2018 competition
Winner
Learning Natural Coding Conventions
Miltiadis Allamanis, University of Edinburgh
Software systems are made out of source code that defines in a formal and unambiguous way the instructions that a computer needs to execute. Source code is a core artifact of the software engineering process. Since software systems need to be maintained and extended, source code needs to be frequently revisited by software engineers who need to read, understand and maintain it. Source code acts as a means of communication between software developers and therefore it needs to be easily understandable and modifiable.
To achieve this, software teams enforce a set of coding conventions, i.e. a set of self-imposed restrictions on how source code is written, imposed for efficient developer communication through source code. One important coding convention is related to naming software artifacts. The names need to clearly reveal the role and the function of each code artifact. Other conventions include the idiomatic use of source code constructs. These idioms convey easily understandable semantics and therefore aid humans when reasoning about code functionality.
This thesis presents an automated way for inferring and enforcing coding conventions to help software engineers write conventional, maintainable code. We use machine learning - a set of statistical and mathematical modelling methods whose parameters are learned from data and can be used to make “smart” predictions about previously unseen observations. This thesis presents machine learning models that learn to suggest conventional names for software engineering artifacts. This task requires novel machine learning models that “understand” the role and the function of the source code artifacts and how they compose to provide a distinct functionality.

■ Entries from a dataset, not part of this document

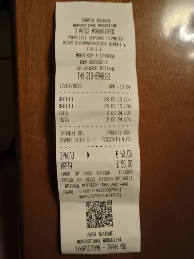 Read moreForeign tourists trap. Extremely expensive! 25€ when it used to be 15€ few months ago. Tiny portions of low quality frozen food! Some dishes were not available despite the already small selection on the menu. Beers are not included. Beware, fish with skin and bones. Uncooked and uncleaned shrimps!!! Crab salad is in reality crushed surimi in mayonnaise so no crab at all!!!!!! Tasteless fried mussels. Overcooked hard French fries. Oily spicy cheese. Uncooked calamari with the same almost inexistant coating as the fried mussels. Ridiculously tiny portion of skordalia. Paella Lidl style straight from the microwave. All the warm dishes served immediately after ordering so when were they cooked to be ready so fast??? Third world employees in the kitchen (do they work legaly?) Customers smoking just under the no smoking sign!!!!!! Please pay by card only if you want a receipt. The positive point is the service which is fast and polite but it is not enough to...
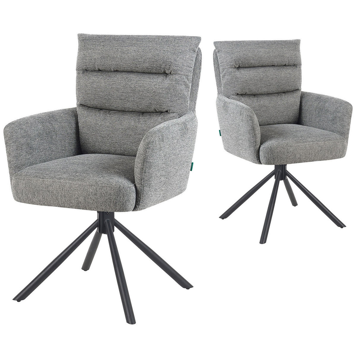 Der Esszimmerstuhl Mika-Jana ist die perfekte Kombination aus modernem Design, hohem Sitzkomfort und langlebiger Qualität. Mit seiner komfortablen Polsterung, den integrierten Armlehnen und der praktischen 360° Drehfunktion lädt er zu langen, entspannten Stunden am Esstisch ein.
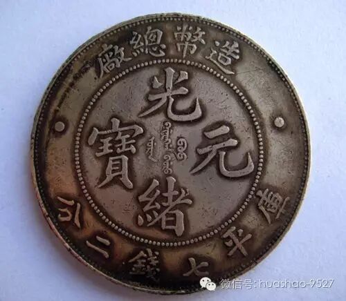 光绪元宝简介,光绪元宝历史:银币光绪元宝1898年发行,成色为91%。正面铸有铭文,顶部铸楷体“XX省造”或“造币总厂”,底部铸“库平七钱二分”,中心直读“光绪元宝”四字,币中心为满文“光绪元宝”。银币背面外圈顶部用小号英文标准字体铭“XX省造”或“造币总厂”字样,下面为英文“库平七钱二分”,内圈铸有中心为蟠龙图,品相精致,其审美风格独持,钱币正面鲜然可见满汉文化的融合,而钱背却明确标示了西方文化的介入。钱币虽小,也可管窥社会文化一斑。
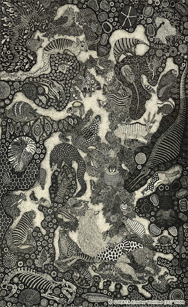 La delicadeza y precisión en los grabados de Etsuko Fukaya revelan su fascinación por la vida en todas sus formas

This dissertation also presents a machine learning-based method that automatically finds widely used source code idioms from a large set of source code. Code idioms are “mental chunks” of code that serve a single, easily identifiable semantic purpose. The mined idioms serve as a form of documentation of how code libraries and programming language constructs are used. Finally, we mine semantic idioms, mental chunks of code that are not syntactic but represent common types of operations. We show how these idioms can be used within software engineering tools and to support the evolution of programming languages.
View Miltiadis Allamanis' dissertation
Highly Commended
Algorithms for Game-Theoretic Environments
Alkmini Sgouritsa, University of Liverpool
Game Theory constitutes an appropriate way for approaching the Internet and modelling situations where participants interact with each other, such as networking and online auctions. Mechanism Design attempts implementing desired social choices in a strategic setting.

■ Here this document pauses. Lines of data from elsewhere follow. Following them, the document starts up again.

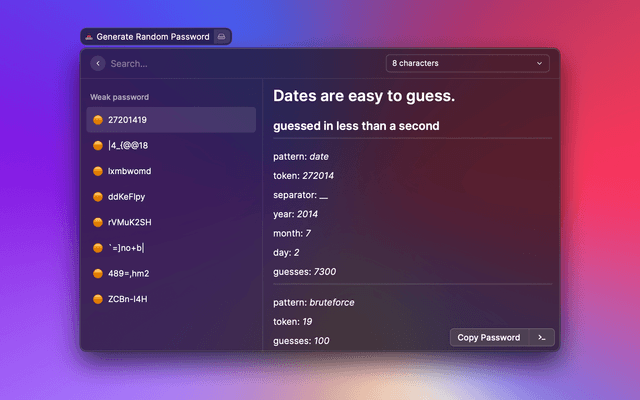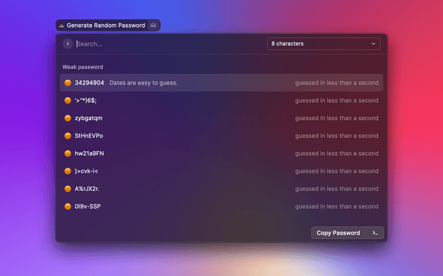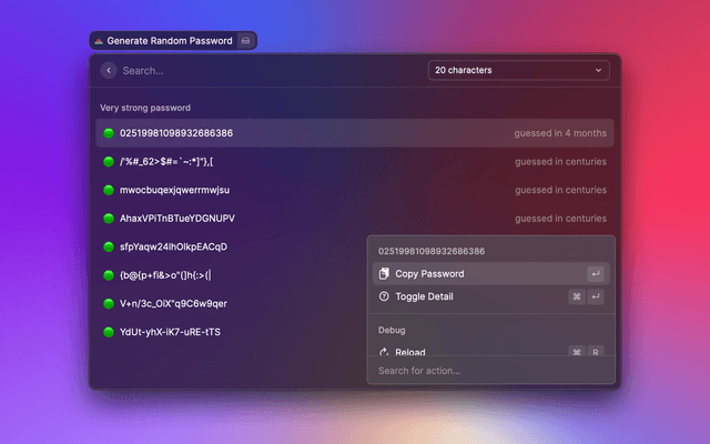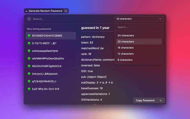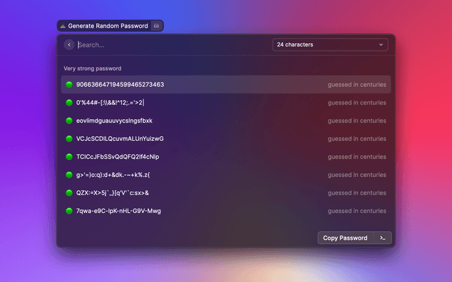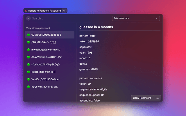 Generates a password from 5–64 characters with options for case, special characters, and more
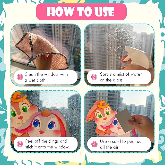- EASY TO USE - KAHSHEEN static Easter window stickers can be easily pasted on smooth surfaces such as glass, just clean the target surface with a damp towel, then peel the sticker from the paper and stick it on the wet and clean smooth surface, press it for a while and it will stick tightly.
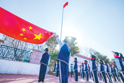 2月26日,在济南市第十四中学操场上,师生们一起参加升旗仪式。 (黄中明 摄)
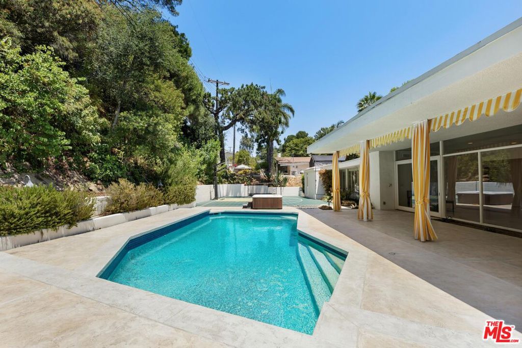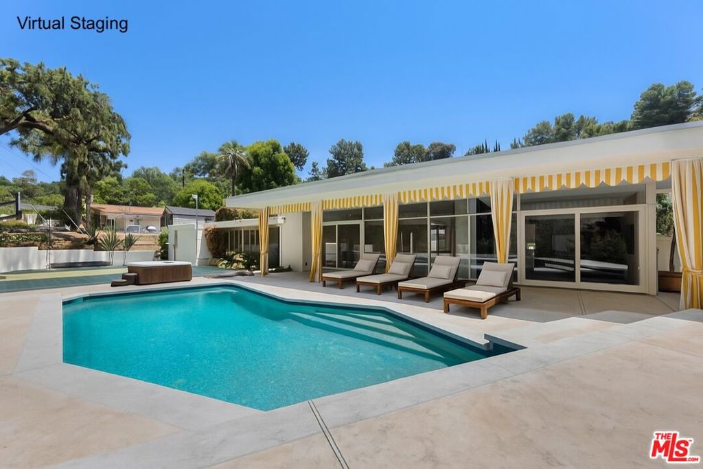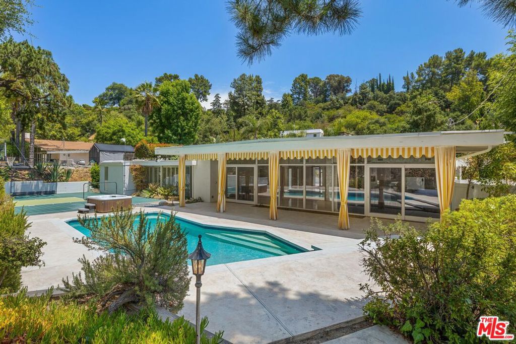 *OFFER DEADLINE is Sunday, August 3rd at 12PM* Situated on a primarily flat lot - 13,966 square feet - 15515 Hamner Drive offers one of the largest and most functional backyards in the neighborhood. Located in a quiet, residential enclave in the heart of Bel Air, this home blends Mid-Century Modern style with transitional Hollywood Regency elements, just moments from esteemed Roscomare Road Elementary School. Starting with a rare, elegant circular driveway, this estate property was ahead of its time, offering open concept living, architectural charm, indoor-outdoor flow and a lifestyle of prestige, privacy, and potential. Step into an enchanting backyard retreat featuring pool, pool deck with covered awning, sport court, and lush landscaping. With most of the living space looking out to the pool, the home offers unparalleled indoor-outdoor access via sliding doors creating effortless flow - perfect for both everyday comfort and seamless entertaining. The 4-bedroom, 3-bathroom layout spans 2,832 square feet and presents a remarkable opportunity to open living spaces further and reimagine the home to your taste. Spacious living, sizable bedrooms, and floor-to-ceiling glass windows looking out to expansive backyard make the potential of this home undeniable. With its generous lot size, adaptable footprint, prime location, circular drive perfect for family and guest vehicles, 15515 Hamner Drive is a rare and valuable opportunity for both homeowners and investors alike. Don't miss the chance to own one of the most desirable parcels in this peaceful, well-established Bel Air neighborhood. *See floor plan in photos.* Buyer to verify square footage and what renovations can or can't be done. Property being sold "as is."

This thesis studies how the efficiency of a system degrades due to the selfish behaviour of its agents, in two well-studied settings, auctions and cost-sharing games. The goal is to design mechanisms where the strategic behaviour of the agents results in outcomes as close as possible to the maximum social welfare.

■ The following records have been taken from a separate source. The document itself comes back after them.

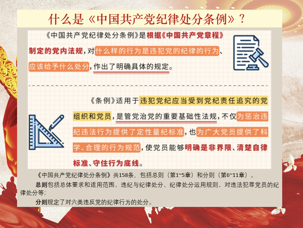 支部书记李志远同志首先介绍了《中国共产党纪律处分条例》的基本内容。《条例》是根据《党章》制定的党内法规,对什么样的行为是违犯党的纪律的行为、应该给予什么处分,作出了明确的规定。《条例》适用的对象是违犯党纪应当受到党纪责任追究的党组织和党员。
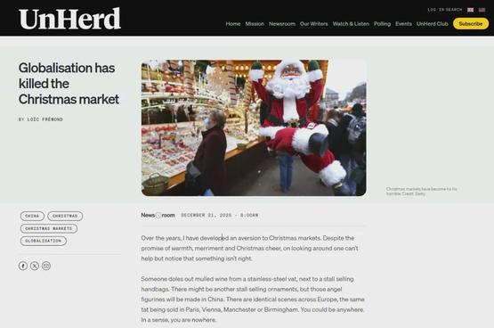 最近,英国媒体Unherd就发表了一篇名为《全球化杀死了圣诞市场》的文章,直指中国制造对欧洲传统手工艺的巨大冲击。
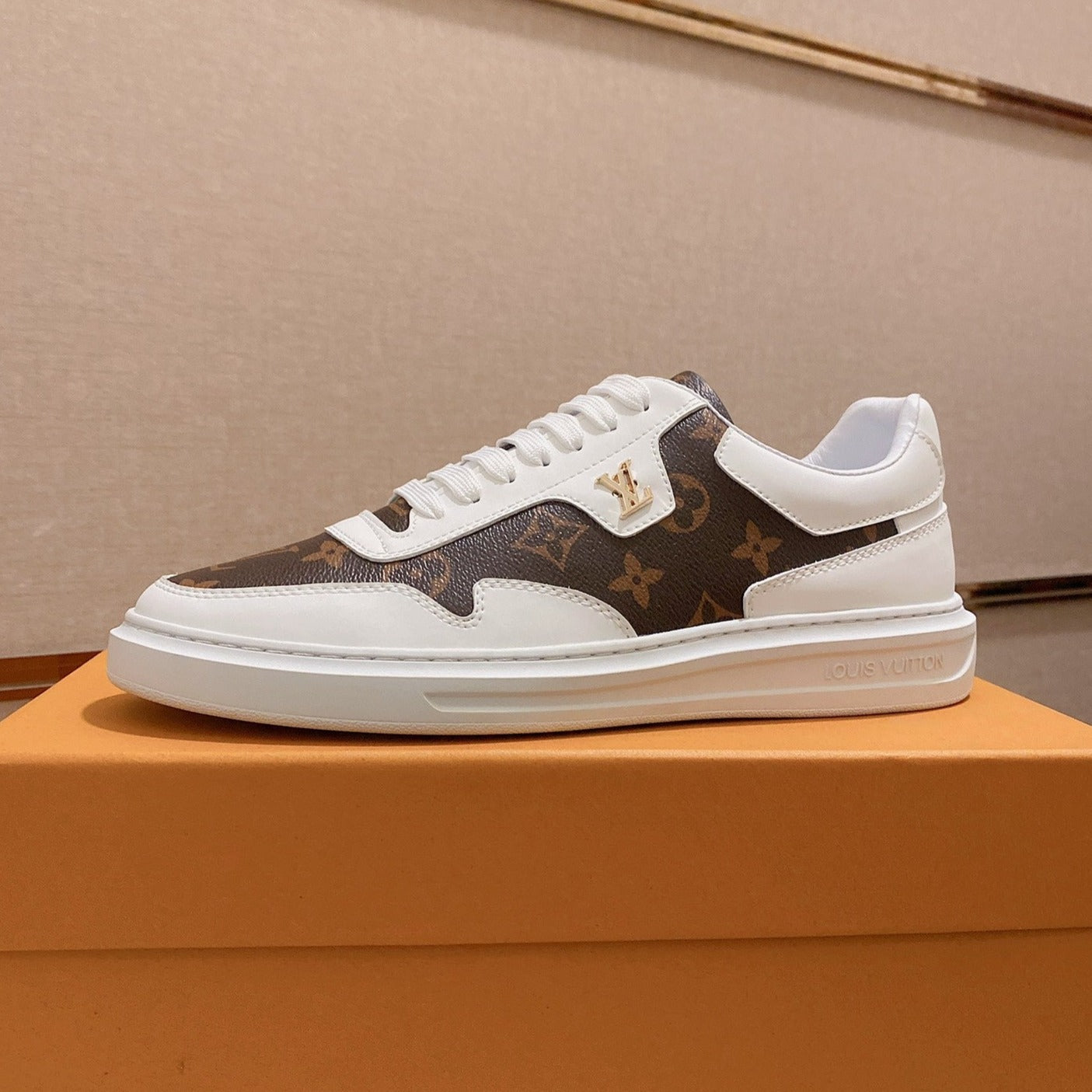 LV TRAINER IN WHITE MIX CHOCOLATE BROWN CALFSKIN

For auctions that are close to the spirit of eBay, this thesis studies a wide class of mechanisms, answering several state of the art open questions. It shows that the mechanism where the winner is the highest bidder and pays their own bid is the best among this class.
In cost-sharing games, where the agents share the cost of the resources they use, this thesis proposes new research directions where the mechanism designer has more information at hand, such as some structural knowledge of the instance. It studies thoroughly this area by either designing better-performed mechanisms or by showing impossibility results.